→ **Provided records**:
═══

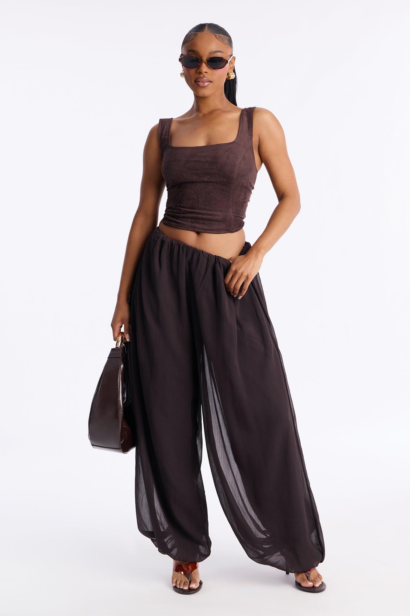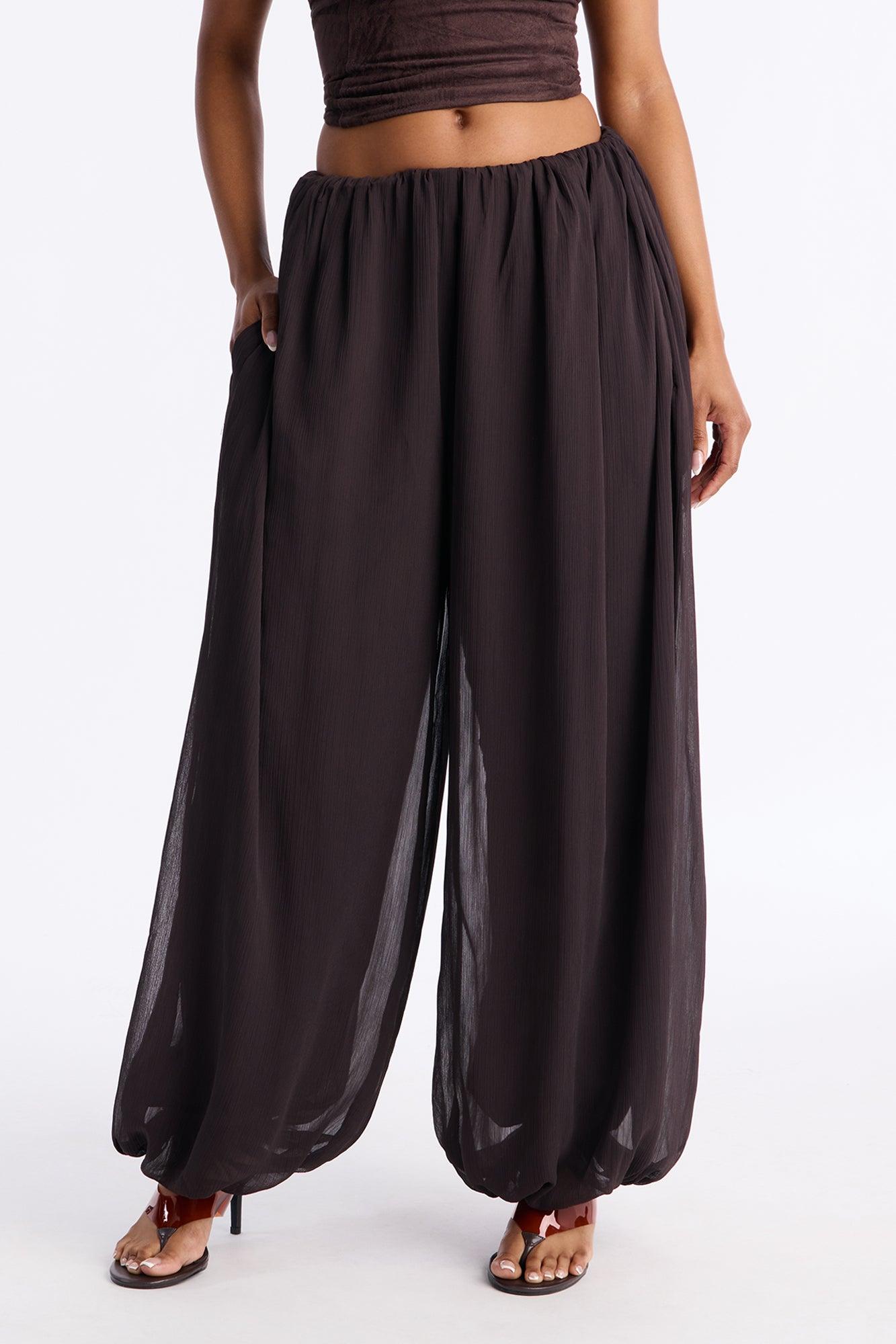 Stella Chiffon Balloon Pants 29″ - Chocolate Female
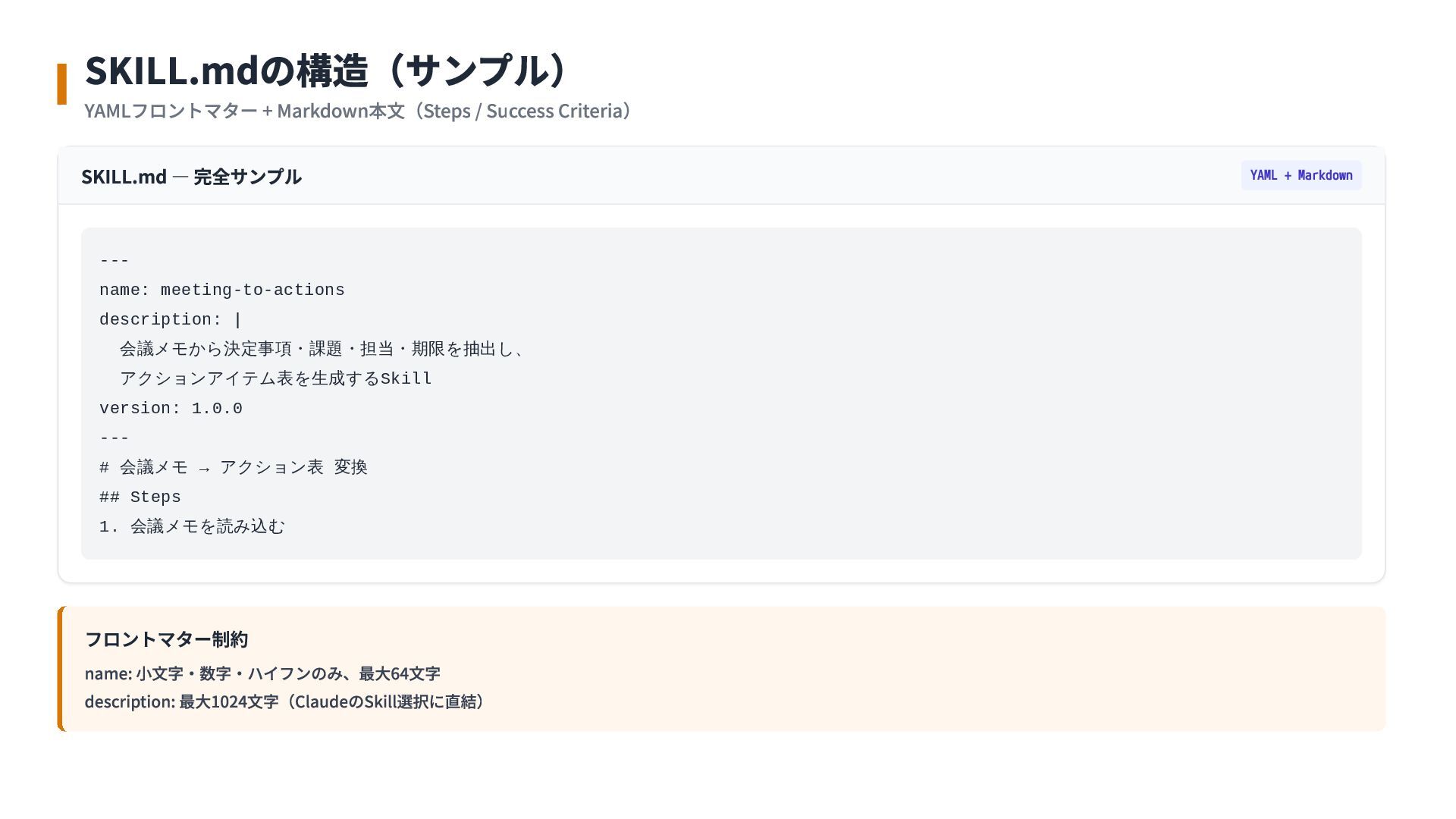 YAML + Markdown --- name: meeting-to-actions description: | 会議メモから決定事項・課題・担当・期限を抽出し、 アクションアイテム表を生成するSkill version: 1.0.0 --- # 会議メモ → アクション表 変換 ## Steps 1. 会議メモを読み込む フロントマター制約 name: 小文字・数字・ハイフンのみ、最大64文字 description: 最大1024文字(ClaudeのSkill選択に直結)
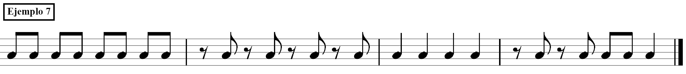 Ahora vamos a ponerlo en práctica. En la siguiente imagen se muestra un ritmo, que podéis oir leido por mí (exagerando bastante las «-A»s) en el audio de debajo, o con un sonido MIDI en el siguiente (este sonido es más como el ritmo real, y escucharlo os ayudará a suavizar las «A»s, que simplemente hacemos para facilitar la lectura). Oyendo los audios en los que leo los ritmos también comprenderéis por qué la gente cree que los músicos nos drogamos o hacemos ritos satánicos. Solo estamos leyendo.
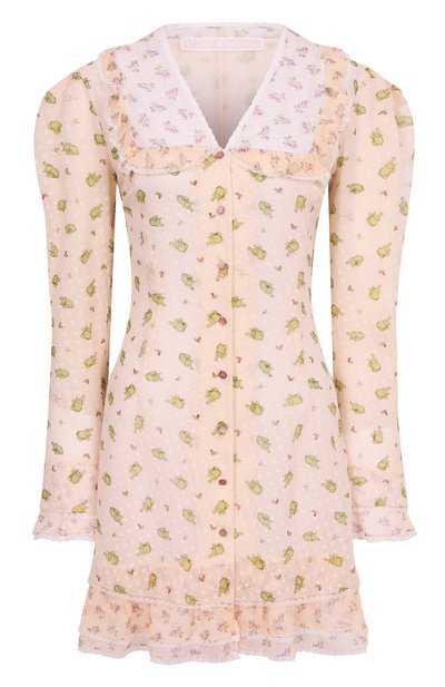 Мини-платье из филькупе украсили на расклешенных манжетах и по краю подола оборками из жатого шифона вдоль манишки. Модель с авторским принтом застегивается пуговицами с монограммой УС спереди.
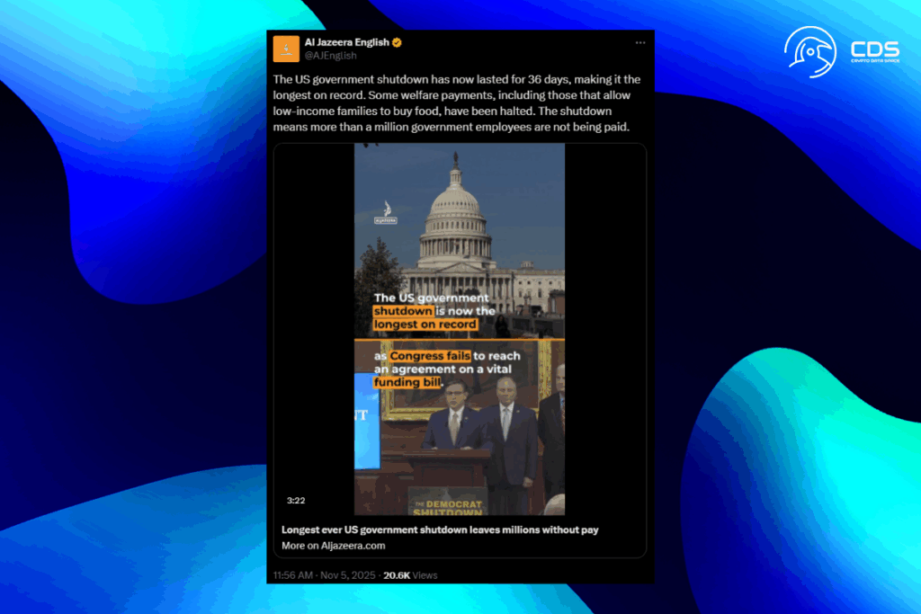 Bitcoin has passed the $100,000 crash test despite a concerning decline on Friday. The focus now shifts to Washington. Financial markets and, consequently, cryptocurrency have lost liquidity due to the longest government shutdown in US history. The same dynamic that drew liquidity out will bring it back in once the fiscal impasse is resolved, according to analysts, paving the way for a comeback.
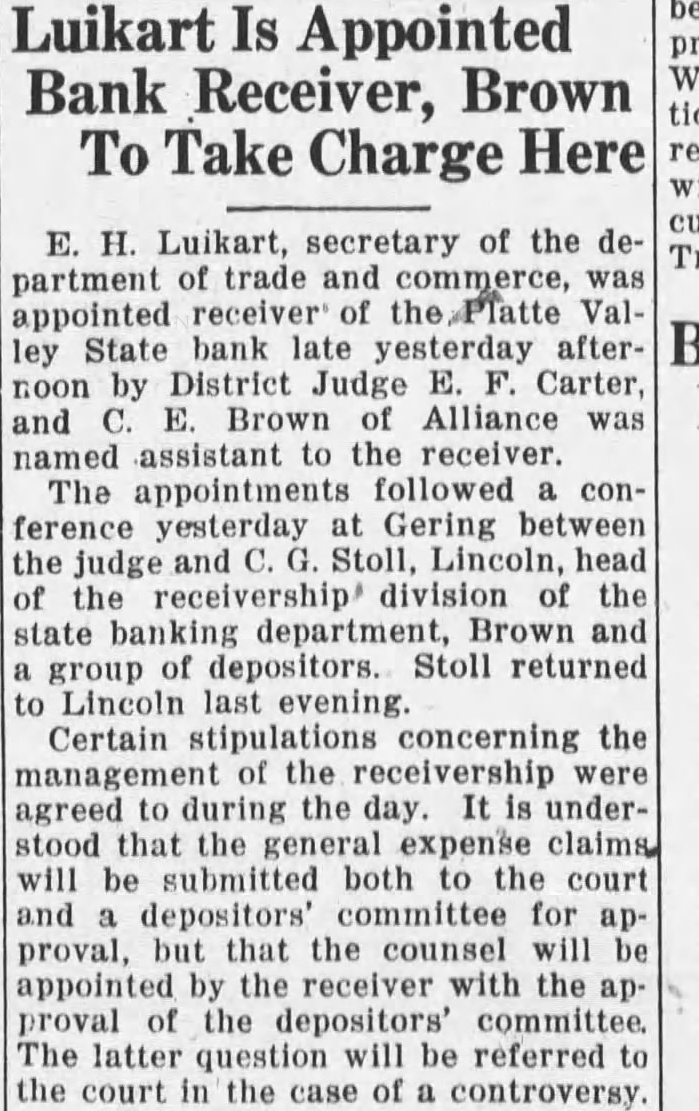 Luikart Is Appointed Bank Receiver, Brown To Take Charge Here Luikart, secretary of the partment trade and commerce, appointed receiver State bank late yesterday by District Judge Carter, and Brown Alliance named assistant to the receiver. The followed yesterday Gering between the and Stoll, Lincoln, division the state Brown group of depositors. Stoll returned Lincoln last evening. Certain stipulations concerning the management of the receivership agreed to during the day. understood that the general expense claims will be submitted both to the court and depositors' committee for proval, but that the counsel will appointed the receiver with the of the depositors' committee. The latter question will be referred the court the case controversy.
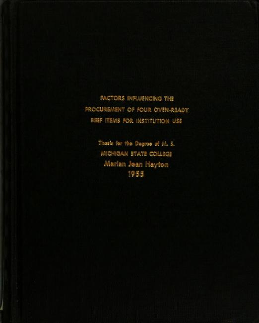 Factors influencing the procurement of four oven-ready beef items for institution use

═══

→ **Work task**:
Go from the first line of the data above to the line containing "Ahora vamos a" and retype exactly those lines, both included, but none of the pictures.

→ **Reply**:
 Stella Chiffon Balloon Pants 29″ - Chocolate Female
 YAML + Markdown --- name: meeting-to-actions description: | 会議メモから決定事項・課題・担当・期限を抽出し、 アクションアイテム表を生成するSkill version: 1.0.0 --- # 会議メモ → アクション表 変換 ## Steps 1. 会議メモを読み込む フロントマター制約 name: 小文字・数字・ハイフンのみ、最大64文字 description: 最大1024文字(ClaudeのSkill選択に直結)
 Ahora vamos a ponerlo en práctica. En la siguiente imagen se muestra un ritmo, que podéis oir leido por mí (exagerando bastante las «-A»s) en el audio de debajo, o con un sonido MIDI en el siguiente (este sonido es más como el ritmo real, y escucharlo os ayudará a suavizar las «A»s, que simplemente hacemos para facilitar la lectura). Oyendo los audios en los que leo los ritmos también comprenderéis por qué la gente cree que los músicos nos drogamos o hacemos ritos satánicos. Solo estamos leyendo.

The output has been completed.